College can be tough. You have a seemingly endless amount of assignments piling up and you don’t know how you’re going to complete the first essay, let alone the next 10.
Take it from someone who recently graduated, it doesn’t get easier. However, here are 3 writing tips to help you get through all those mind-numbing essays.
1. Plan, Schedule and Structure
Plan and Schedule
As far back as I can remember, teachers would tell us to draw a mind-map before beginning the first draft of an essay. The easiest way to go about is tell yourself the whole story – see how your essay sounds. Does it make sense? Does your argument hold? Are you convinced by your own points?
It may seem like a silly thing now but having a plan of how you want your essay to come together is essential.
Draw up a timetable with set deadlines for each step in the process – from research to writing that first draft. Stick to your deadlines.
Procrastination is one of my weakest points when it comes to writing. Don’t be like me. Be realistic with your time management and don’t leave it for the last minute.
However, if you’re incredibly short on time, you can always rely on a service like WriteMyEssayOnline.
Every essay has a set structure (rules) that needs to be followed:
You’ve written essays throughout your entire academic career; the structure should be the very least of your concerns.
However, there’s more than one structure to consider.
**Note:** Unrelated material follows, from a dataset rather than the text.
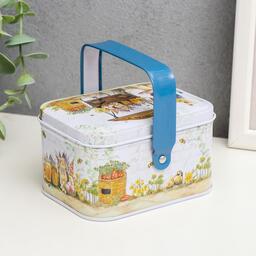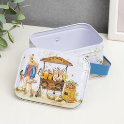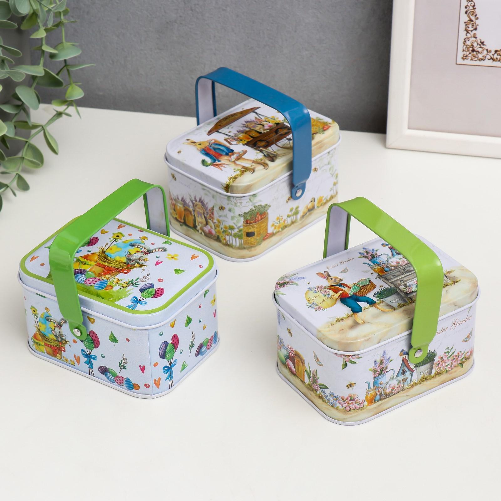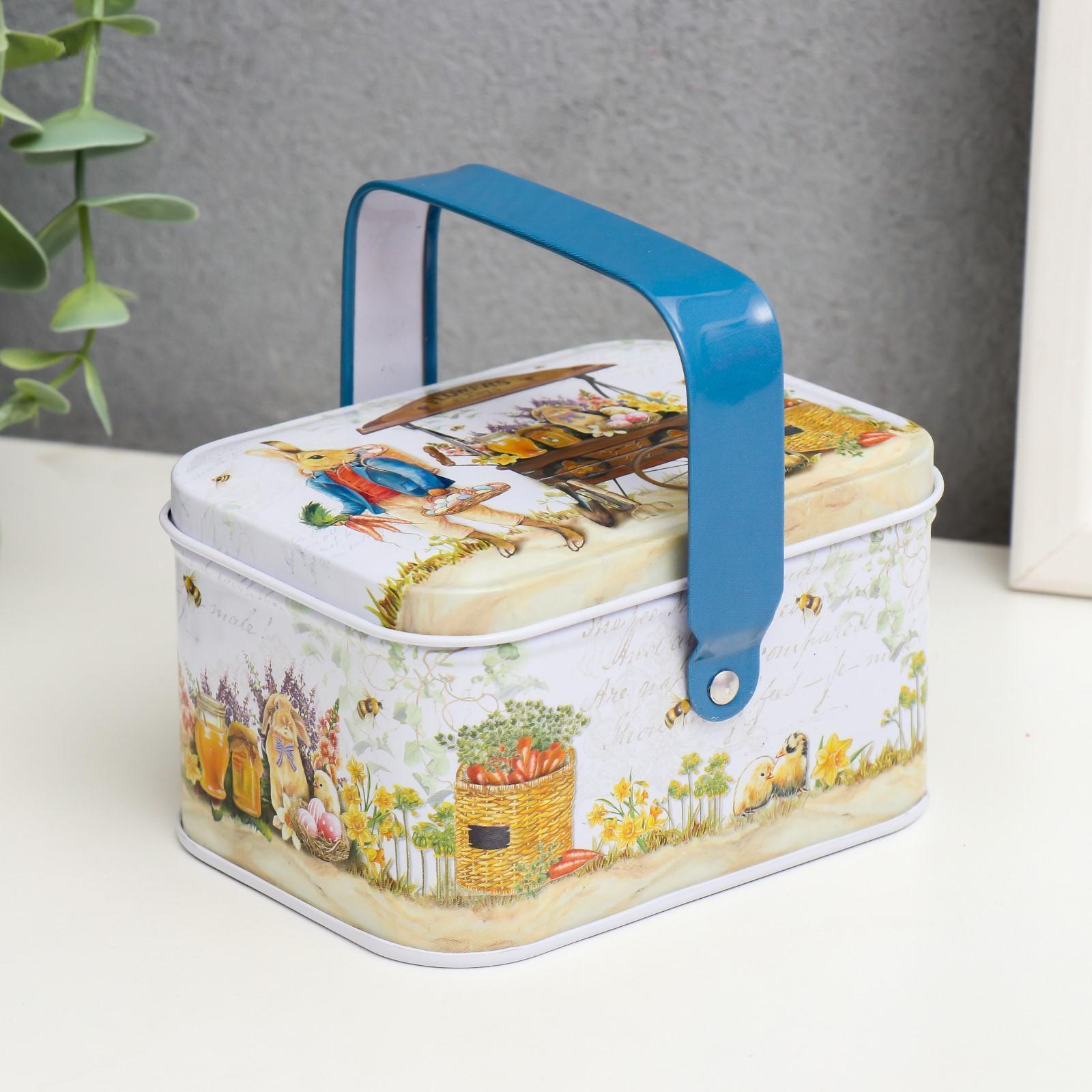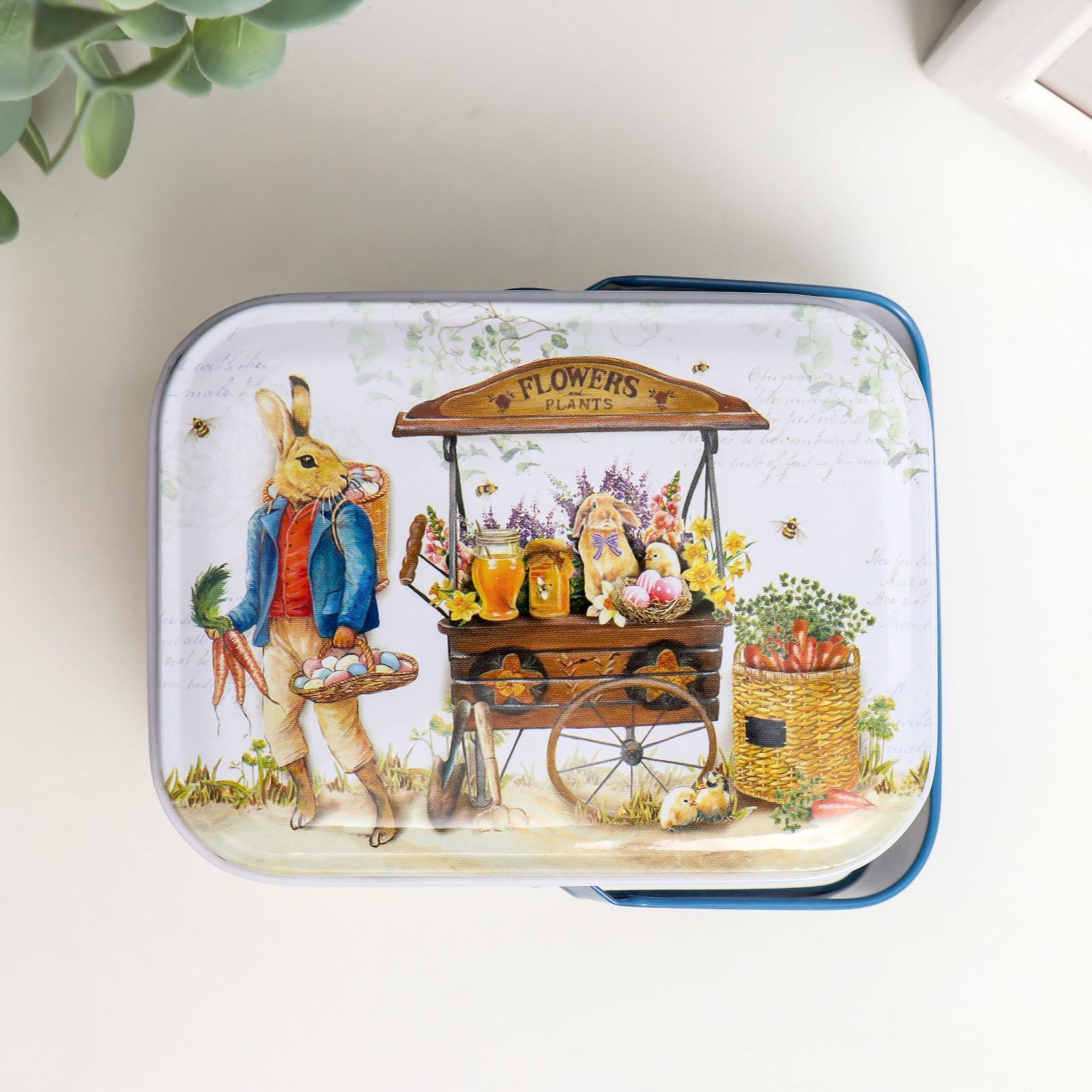Шкатулка металл с ручкой "Крольчата с яйцом" 6х10,5х8 см МИКС

The information that you place in the Body of the essay should have its own structure as well.
This information needs to flow together seamlessly and without effort. Each part (paragraph) should relate to the next, and they should all have relevance to the essay topic. The worst thing you could do is put the information together in an incohesive format that will confuse the reader.
2. Reading, Research and Notes
To write better, you need to make a habit of reading often and widely.
Writers don’t just write – they read. You may find that a writer who specializes in a specific discipline (genre) has knowledge in multiple other disciplines as well. Reading is a writer’s best resource.
Research and Note-taking
When it comes to writing for a specific topic, you’ll need to gather as much information on that topic as possible.
While I know how tedious research can be, but it’s necessary.
Be sure to only take notes and not quote entire paragraphs. Your research is meant to be used as an aid, not a crutch.
Don’t be lazy; use multiple sources and credit them when quoted. This is very important. If you copy and paste text from a source, you’ll be committing plagiarism.
3. Review, Proofread and Edit – Critically
You’ve finished your first draft, and that’s wonderful. Now, check you work. And check it again. And a third time.
Yes, I’m serious; trust me on this. I’ve made the mistake of only reviewing my work once, and I ended up sending in work that had way too many errors.
When proofreading your work, you need to be critical in your editing. You need to be able to delete unnecessary words or sentences and change the wording where necessary. I know how difficult it’s to be objective to your own work, but you need to try.
Now, review it again.
- Plan and schedule a time for each step in the writing process
- Stick to deadlines
- Create a structure for your essay
- Research and use multiple sources
- Take notes, but use quotes as little as possible
- Avoid plagiarism
- Review. Review. Review.
- Critical editing
- Review again
Don’t be afraid to share your opinion; it’s your argument after all. Your professors wants to know what you think.